Offensively, Thomas plays more like a power forward than small forward. At least, last year he did. He doesn't create much offense for him or other teammates. He can move the ball, but his negative A/TO reflects the way he played. Thomas stays in his zone and will take his shot if he is within his comfort zone (mid-range), but on the perimeter he rarely looks to make a play. He has shown continued improvement in his 3-pt shooting and it looks like that can actually turn into a strength down the road.

The fact that Thomas has a tweener offensive game isn't really worrisome. On offense, players can be interchangeable and versatility should be viewed as a good thing. Tweeners are only a problem when they are in between positions on defense. And that is not the case with Thomas.

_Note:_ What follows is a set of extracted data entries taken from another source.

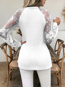 2025欧美跨境亚马逊秋冬新款女装V领长袖拼接蕾丝时尚T恤女上衣
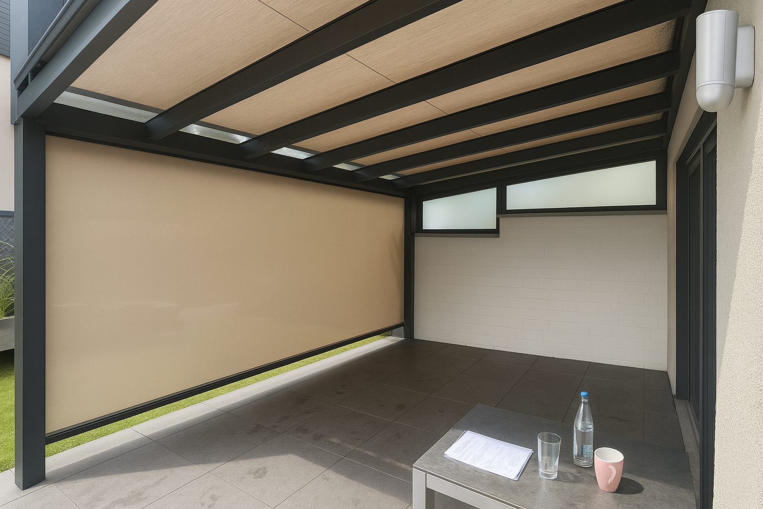 Unsere Terrassendächer bestehen aus robustem, pulverbeschichtetem Aluminium und Sicherheitsglas – langlebig, pflegeleicht und wetterbeständig.
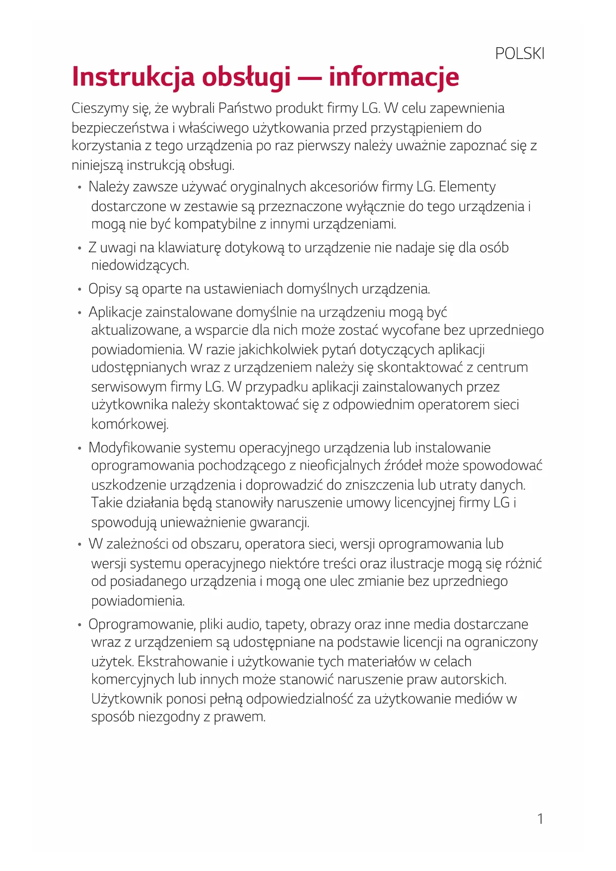 - Dane osobiste użytkownika zapisane w pamięci wewnętrznej telefonu — w tym dane konta Google i innych kont, dane i ustawienia systemu i aplikacji, wszelkie pobrane aplikacje i licencje DRM — mogą zostać utracone podczas aktualizacji oprogramowania telefonu. Z tego względu firma LG zaleca wykonanie kopii zapasowej danych użytkownika przed przystąpieniem do aktualizacji oprogramowania telefonu. Firma LG nie odpowiada za utratę danych użytkownika.
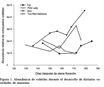 En la Figura 1 se puede apreciar la abundancia de volátiles a través del desarrollo del fruto en el árbol. La variedad Jazz fue la que presentó mayor contenido de compuestos volátiles a los 185 ddpf, mientras que la variedad Pink Lady presentó la menor abundancia relativa de compuestos volátiles a los 170 ddpf, lo cual puede estar relacionado con la producción de etileno, ya que éste es un factor limitante para la producción de aquellos compuestos volátiles que dependen del etileno en la fruta cosechada (Song y Bangerth, 1996).
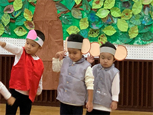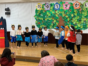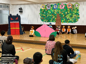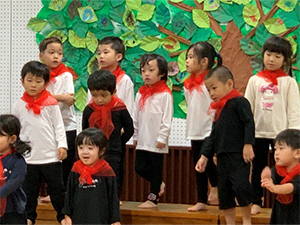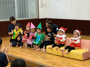令和7年12月20日(土)朝から雨で、あいにくの天気でしたが、大勢の保護者、家族の方に来ていただきました。今年は、本園のホールを会場として、身近でお子さんの元気あふれる演技を鑑賞でき、こども達の成長をより感じることができたと思います。
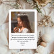 Célébrez un jalon sacré avec un style chaleureux en utilisant notre carte photo Boho Elegant First Holy Communion Merci. Cette carte magnifiquement conçue présente votre photo personnalisée complète en tant qu'arrière - plan, revêtue d'un élégant script blanc moderne qui dit "merci", accompagné d'une délicate croix blanche sous un symbole subtil mais significatif de la foi. Les tons boho floral doux ajoutent une touche de beauté naturelle, alliant élégance moderne et charme rustique. Au contraire, vous trouverez de l'espace pour une autre photo personnalisée et un message de remerciement personnalisé, faisant de cette carte un souvenir précieux pour la famille et les amis. Parfait pour exprimer sa gratitude à ceux qui ont partagé la journée spéciale de votre enfant, cette carte est aussi unique et mémorable que la célébration elle-même.

With his 7-ft wingspan, excellent motor, strength, good awareness, and solid lateral quickness Thomas has everything it takes to defend small forwards at a plus level and perhaps even at an All-Defensive level. He is a pest on the ball and does a great job staying low. He has no problem fighting through screens but his versatility allows him to switch on screens if needed. He can legitimately guard three positions on the court. He also isn't much of a risk taker. Thomas stays in his own lane and focuses on stopping his man. That is not to say he lacks awareness - he has a good feel on the defensive end and provides help defense - it just means he doesn't gamble. That can partially explain his low steal and block numbers. The zone that Memphis employed also had a good deal to do with it. Regardless, Thomas doesn't appear to be a big threat blocking shots and it would be nice to see his steal/block numbers reflect his athleticism a bit more next season.

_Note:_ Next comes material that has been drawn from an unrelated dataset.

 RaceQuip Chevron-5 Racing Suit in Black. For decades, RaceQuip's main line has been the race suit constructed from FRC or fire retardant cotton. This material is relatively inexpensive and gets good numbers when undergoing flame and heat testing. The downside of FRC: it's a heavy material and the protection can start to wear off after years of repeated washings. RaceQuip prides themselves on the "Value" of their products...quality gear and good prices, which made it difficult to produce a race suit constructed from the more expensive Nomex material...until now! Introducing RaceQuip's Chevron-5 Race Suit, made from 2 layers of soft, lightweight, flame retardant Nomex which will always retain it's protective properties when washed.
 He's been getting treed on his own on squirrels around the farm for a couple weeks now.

The same thing can be true for his rebounding. Thomas pulled down only 5.2 rebounds per 40 minutes, while his ultra skinny teammate, Will Barton, had 8.8 per game credited to his name. This can draw questions about his hands (he has strong hands but are they soft?), but I think part of it can be attributed to his unselfishness. Thomas often would tip rebounds to his teammates. Still, the numbers he put up are a little surprising for the kind of player he is. A super athletic player who played inside, had great strength, boxed out on each shot, and never took a play off couldnt put up good rebounding numbers?I would have expected him to over 10 rebounds per 40 minutes at the power forward position. In the end though, I doubt poor rebounding is going to be a weakness used against him come draft time. His job in the NBA will be to keep his opposing player from hitting the offensive glass and with his determination to box out, he will have no problem getting that done.

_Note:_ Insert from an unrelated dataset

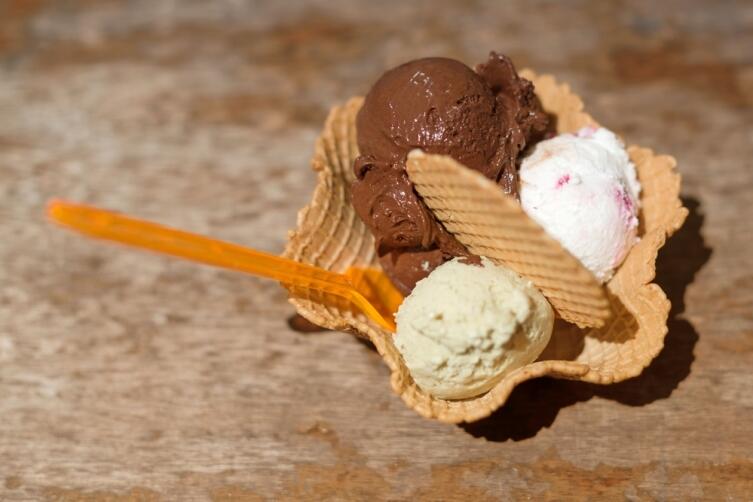 И вот когда мороженое застыло, минут за 10 до подачи, достаем наши формочки — воздушные шарики из холодильника. Даем им чуть нагреться, при комнатной температуре отойти от холодильного холода и протыкаем воздушный шарик. Он, естественно, лопается, сдувается, и остается только шоколадная формочка. В которую мы с удовольствием накладываем столько шариков нашего ароматного домашнего мороженого, которое мы только в состоянии сегодня съесть.

When projecting Thomas to the future, there is reason to believe he has a very high ceiling. To me though, he is actually one of the safest picks in the lottery while not possessing NBA First Team potential. I just don't ever see him being a prolific scorer from a skill standpoint or from an attitude standpoint. Think Marvin Williams. They are different players, but both are very unselfish, great character guys, who played a smaller role in college but their tools project them to be stars in the NBA. In reality, they played smaller roles because that is their style and neither of them were much of shot creators. Thomas is comfortable playing a role. Shot creating can be improved, but rarely do players make drastic improvements after they are drafted.

Still with what Thomas gives you, you are looking at a good to a great starter who can be somewhat of a super role player. He does all the little things and has no problem doing them. He has great character and great work ethic. He is good in transition. He is versatile. He can space the floor. He is a very smart player and a potential stopper on defense. He is a winner and his game translates well to games played in May and June. He is a guy you draft, plus him in at the wing, and don't ever worry about him again. While he doesn't make his teammates better with his creating ability, he makes the TEAM better with everything else he can do. I see Thomas as a mid to late lottery pick this year.